== Instructions to follow ==
Starting at the top of the records below, write out each line exactly as it stands, stopping after the line with "121 중앙슈퍼 101호(로또복권)"; exclude the pictures.

=== Section Start ===

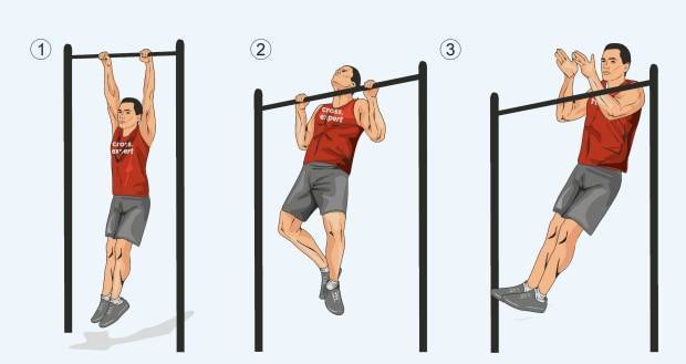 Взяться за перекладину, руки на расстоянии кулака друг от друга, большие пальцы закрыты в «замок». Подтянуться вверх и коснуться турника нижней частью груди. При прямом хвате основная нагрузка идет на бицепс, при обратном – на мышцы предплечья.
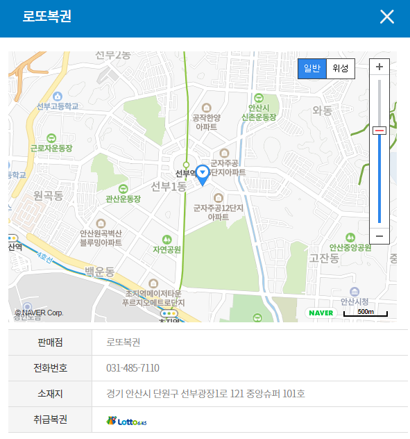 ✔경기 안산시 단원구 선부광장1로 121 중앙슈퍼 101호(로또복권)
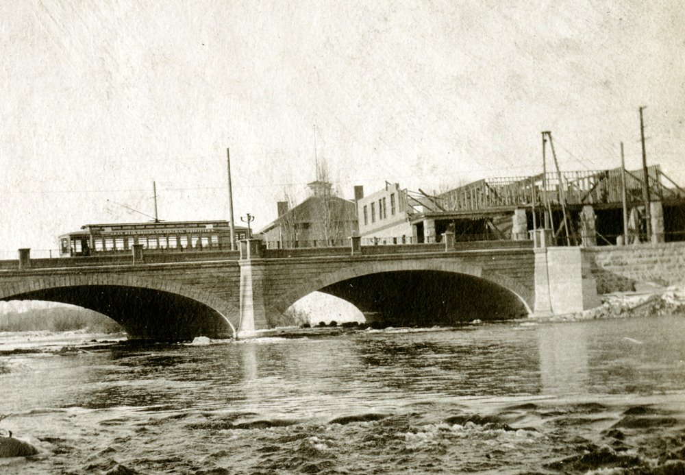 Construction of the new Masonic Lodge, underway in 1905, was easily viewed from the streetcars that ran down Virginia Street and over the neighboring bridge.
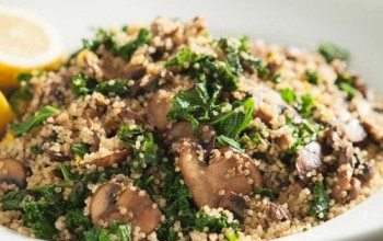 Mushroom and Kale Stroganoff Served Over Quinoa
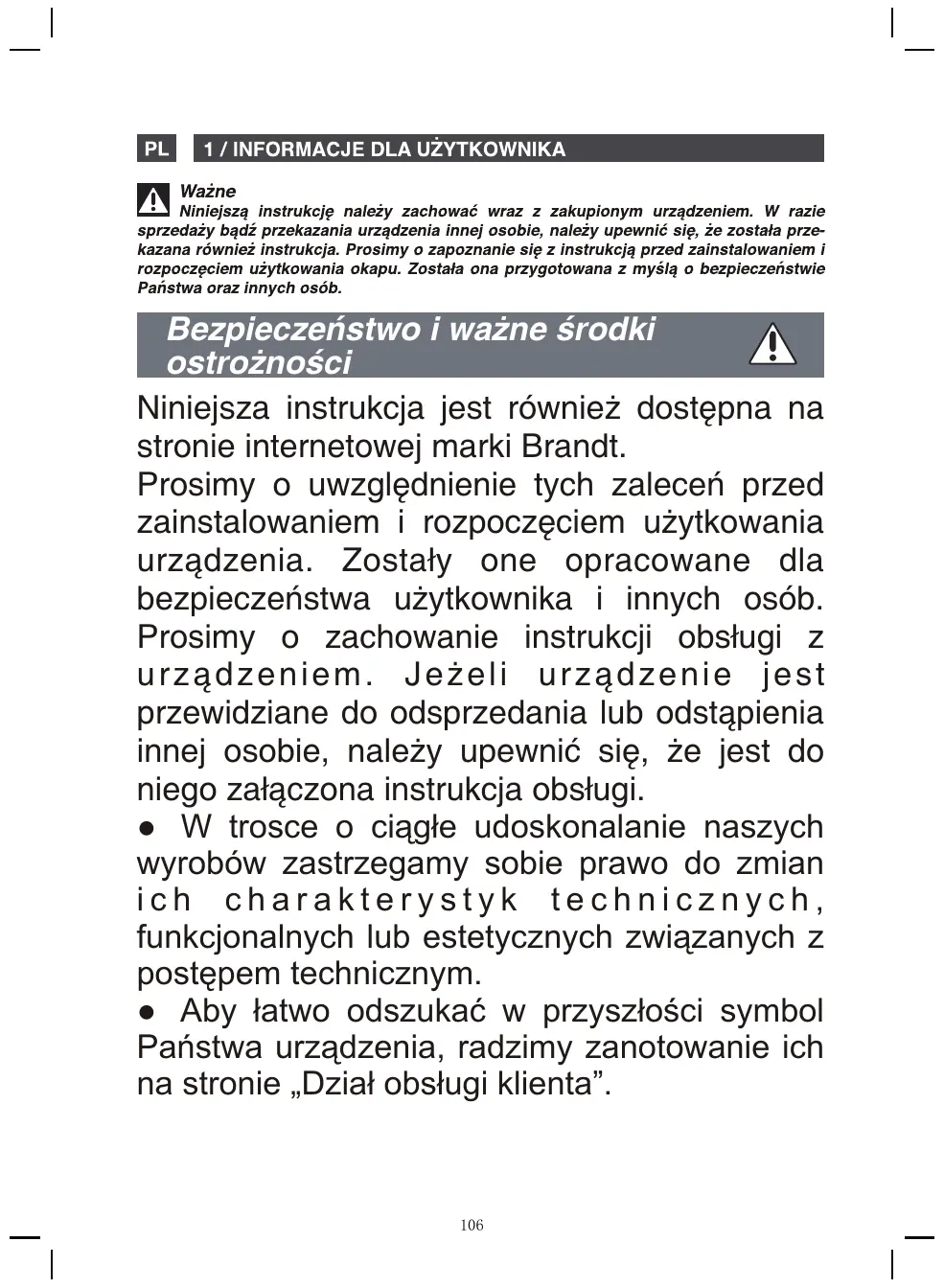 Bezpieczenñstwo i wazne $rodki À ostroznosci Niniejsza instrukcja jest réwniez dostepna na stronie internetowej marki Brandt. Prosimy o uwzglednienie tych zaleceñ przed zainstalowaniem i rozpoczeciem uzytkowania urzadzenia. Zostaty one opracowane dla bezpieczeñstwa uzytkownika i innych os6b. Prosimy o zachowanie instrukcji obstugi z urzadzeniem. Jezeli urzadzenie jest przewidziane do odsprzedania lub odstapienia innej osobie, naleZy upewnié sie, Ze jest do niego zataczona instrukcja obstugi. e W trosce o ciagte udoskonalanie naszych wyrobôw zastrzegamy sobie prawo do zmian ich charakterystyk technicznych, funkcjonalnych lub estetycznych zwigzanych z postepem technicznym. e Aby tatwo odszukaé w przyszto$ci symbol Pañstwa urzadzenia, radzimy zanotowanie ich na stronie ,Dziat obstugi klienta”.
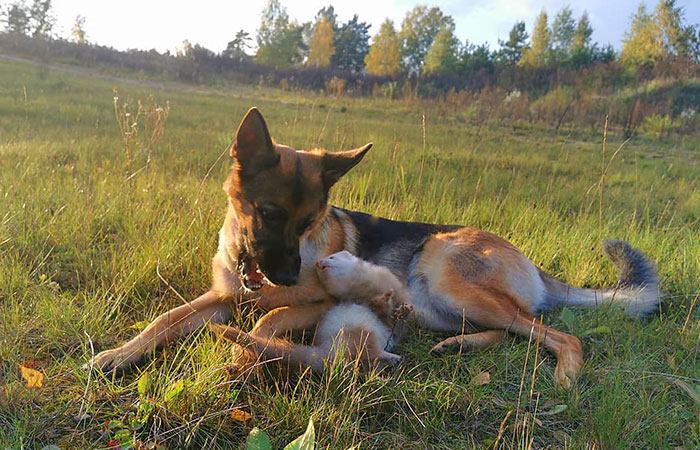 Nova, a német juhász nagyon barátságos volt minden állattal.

=== Section End ===

== Your solution ==
 Взяться за перекладину, руки на расстоянии кулака друг от друга, большие пальцы закрыты в «замок». Подтянуться вверх и коснуться турника нижней частью груди. При прямом хвате основная нагрузка идет на бицепс, при обратном – на мышцы предплечья.
 ✔경기 안산시 단원구 선부광장1로 121 중앙슈퍼 101호(로또복권)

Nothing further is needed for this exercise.